In relation to an intensive use of ICT, almost all participants directed their comments to children and young people, thus suggesting they do not consider ICT addiction a problem that they themselves could face.

- Yes, I spend many hours without the phone, I don’t have problems with that. (Fausto, Portuguese, 64 years - focus group).

- The technology can bring good things and bad things. Today, families have no communication, they communicate only by WhatsApp, there is no face-to-face communication. (Adelaide, Portuguese, 63 years - focus group).

- We need to have time to do other things, other tasks, because the more we know the internet and visit the internet the more yearning we have to discover more things and to look for more news. Where is this getting us to?
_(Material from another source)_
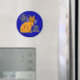 Esta imã de geladeira de trocadilho de gato mostra uma imagem de desenho animado de um gatinho laranja e a frase original, punny, "Eu sou Feline Fine. Não sou Leão!" É a design perfeita e humorística para o amante de gatos ou a senhora de gatos malucos (ou cavalheiro) em sua vida. O fundo azul é personalizável. Também está disponível em nossa loja em outros itens.
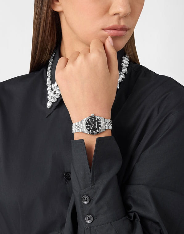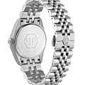 Philipp Plein DATE SUPERLATIVE PWNFA0125 - дерзкое заявление любви к роскоши и бунтарскому стилю. Диаметр круглого корпуса из прочной нержавеющей стали равен 28 мм. Стальной браслет на застёжке «бабочка» с кнопкамиЗастёжка "бабочка"Такой вид застёжки дополняется предохранителями, помогающими избежать случайного раскрытия браслета. Обладают изящным исполнением. обеспечивает надёжную фиксацию и комфортное ношение. Метки в виде кристаллов Preciosa. Минеральное стеклоМинеральное стеклоМинеральное стекло представляет собой искусственно выращенный минерал кварца. Такое стекло отличается особой устойчивостью к повреждениям и царапинам. Уступает по некоторым качествам сапфировому стеклу. защищает циферблат от царапин. Люминесцентное покрытиеЛюминесцентное покрытиеПозволяет считывать показания времени в темноте. Производители наносят на стрелки, часовые индексы, безель или поверхность циферблата светонакопительный состав, дающий холодное свечение. стрелок и меток позволит следить за временем даже в полной темноте. Граненая заводная головка. Влагозащита: 50 метров, позволит защитить корпус от случайных брызг или капель дождя. Идеальный аксессуар для тех, кто ценит индивидуальность и не боится выделяться из толпы.

It has no end. (Thomas, Brazilian, 69 years - focus group).

Conclusions

Although the findings from this qualitative research cannot be generalized, they contribute to the understanding of significant dimensions of the intergenerational solidarity regarding ICT use.

The testimonies of elderly people from Portugal and Brazil indicate the complexity and ambiguity of concepts such as intergenerational solidarity. Most participants supported the assertion that intergenerational family relationships mediated by digital technologies have a positive influence on the elderly. As some participants expressed, ICT use encourages social contact inside and outside the family, has positively impacts on their mental health and improves their digital literacy. Nevertheless, support for the use of ICT is essentially marked by unilateral transmission from youngest to oldest and is not guaranteed to result in the effects associated with the concept of intergenerational solidarity. As previous research has shown, that transmission may be attributed to some youngsters feeling moral pressure to help the elderly and doing so without the expected generational rapprochement and exchange of knowledge. The use of digital technologies to communicate with family members can also result in virtual proximity with regular but shallow contact and physical withdrawal. As the analysis also showed, the presence of technologies in families does not come free of possible negative consequences for the elderly. Continuous ICT use by younger people in households may make the elderly feel ignored and emotionally excluded.

Favouring intergenerational relations has been an argument for the use of ICT by the elderly. This use theoretically facilitates everyday communication, bringing the elderly closer to their family and friends. However, activating the process reveals to be more complex. Elderly people are aware that ICT can either bring the family together or pull apart different generations. It can expand existing prejudices through the propagation of images related to the valorisation of youth and rejection of the old, translating into forms of ageism.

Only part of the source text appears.